#### [RAW DATA]
+-------+

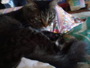 18時半、福が閉めた雨戸の向うで『入れてぇ~!』と鳴いて居ました。仕方が無い、開けるか。猫達のフロントラインプラスの効果の出具合も大分落ち着いて来ました。昨日もうめの白い毛皮の部分には弱ったノミがぶら下がって居ました。フロントラインプラスの場合付いて居る害虫は死にますので、安心していられます。トラ子の顎の下に喰いついているマダニも、毎日触って居ますが、気のせいか小さくなったような気がします。
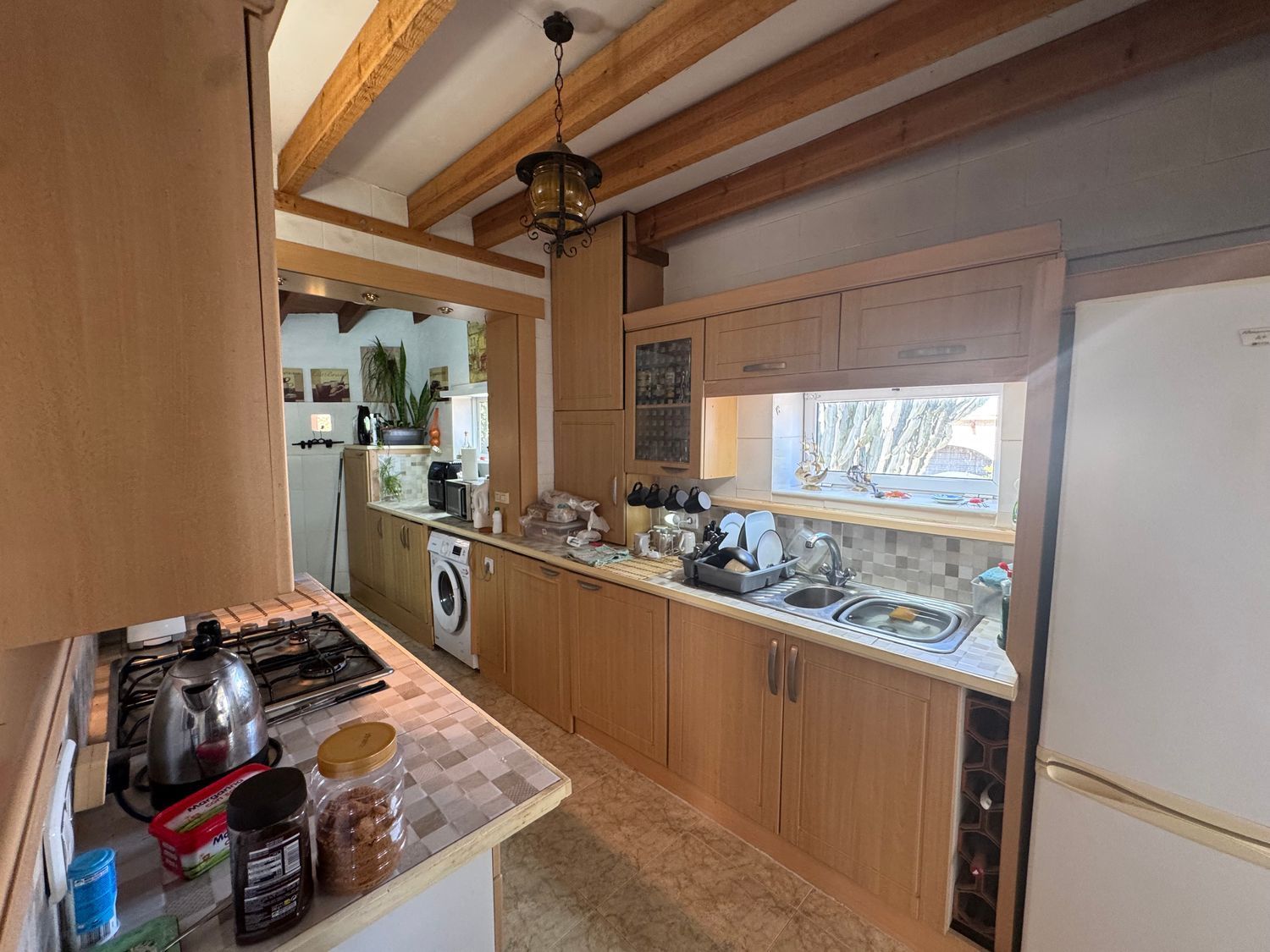 La cocina es de buen tamaño, funcional y con espacio suficiente para el uso diario. Junto a ella encontramos una zona destinada a comedor o estudio, un espacio versátil que puede adaptarse fácilmente a diferentes necesidades, ya sea como despacho, comedor independiente o incluso una sala de estar adicional.
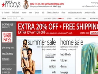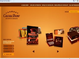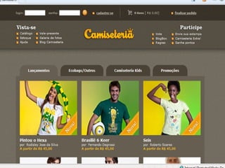 O documento discute o cenário do e-commerce no Brasil e no mundo. Ele destaca que o e-commerce no Brasil cresceu mais de 1000% nos últimos 7 anos, com faturamento de R$14,8 bilhões em 2010. As categorias mais vendidas online são eletrodomésticos, livros, saúde/beleza e informática. A maioria dos e-compradores brasileiros tem entre 25-49 anos e classe social A ou B.
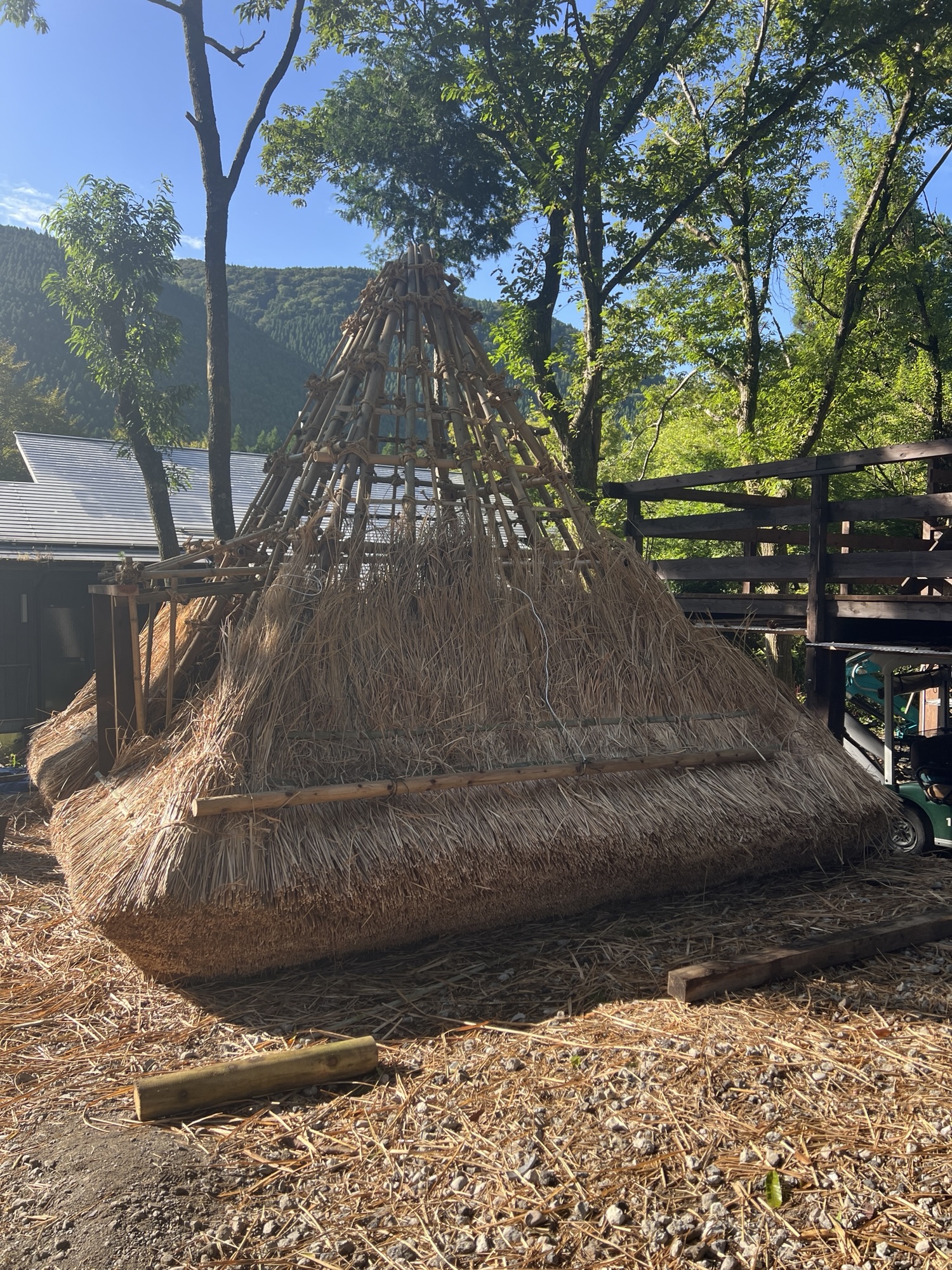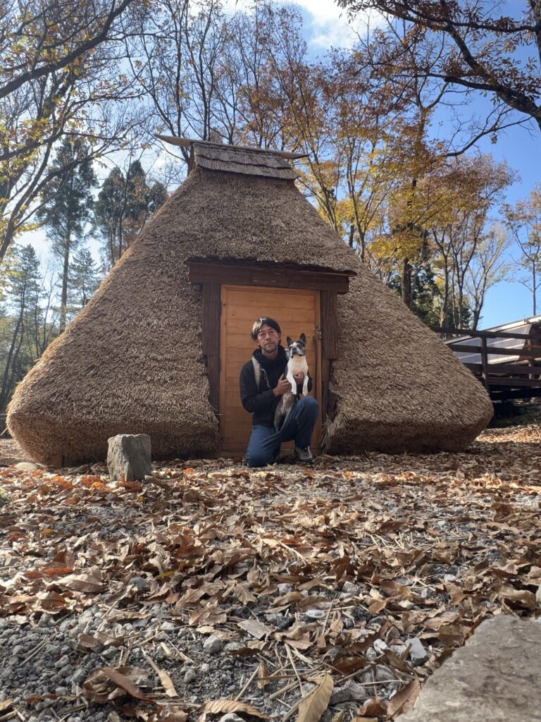 2025年秋に大分県九重町にオープンした三笠オートキャンプ場内の体験型宿泊施設として、縄文時代の住居をモチーフにした茅葺きバンガローを新築しました。構造は竹による組み上げを基本とし、茅は一本一本の流れと厚みを見極めながら手作業で施工。円錐形に近い外観は、雨仕舞いや耐風性といった機能面にも配慮した形状です。内部は大人3人程度が宿泊可能な広さを確保し、自然素材に包まれた落ち着いた空間となっています。冬はコタツも完備!

+-------+

#### [PROBLEM STATEMENT]
Word for word, return the material, omitting the pictures.

#### [EXPECTED ANSWER]
 18時半、福が閉めた雨戸の向うで『入れてぇ~!』と鳴いて居ました。仕方が無い、開けるか。猫達のフロントラインプラスの効果の出具合も大分落ち着いて来ました。昨日もうめの白い毛皮の部分には弱ったノミがぶら下がって居ました。フロントラインプラスの場合付いて居る害虫は死にますので、安心していられます。トラ子の顎の下に喰いついているマダニも、毎日触って居ますが、気のせいか小さくなったような気がします。
 La cocina es de buen tamaño, funcional y con espacio suficiente para el uso diario. Junto a ella encontramos una zona destinada a comedor o estudio, un espacio versátil que puede adaptarse fácilmente a diferentes necesidades, ya sea como despacho, comedor independiente o incluso una sala de estar adicional.
 O documento discute o cenário do e-commerce no Brasil e no mundo. Ele destaca que o e-commerce no Brasil cresceu mais de 1000% nos últimos 7 anos, com faturamento de R$14,8 bilhões em 2010. As categorias mais vendidas online são eletrodomésticos, livros, saúde/beleza e informática. A maioria dos e-compradores brasileiros tem entre 25-49 anos e classe social A ou B.
 2025年秋に大分県九重町にオープンした三笠オートキャンプ場内の体験型宿泊施設として、縄文時代の住居をモチーフにした茅葺きバンガローを新築しました。構造は竹による組み上げを基本とし、茅は一本一本の流れと厚みを見極めながら手作業で施工。円錐形に近い外観は、雨仕舞いや耐風性といった機能面にも配慮した形状です。内部は大人3人程度が宿泊可能な広さを確保し、自然素材に包まれた落ち着いた空間となっています。冬はコタツも完備!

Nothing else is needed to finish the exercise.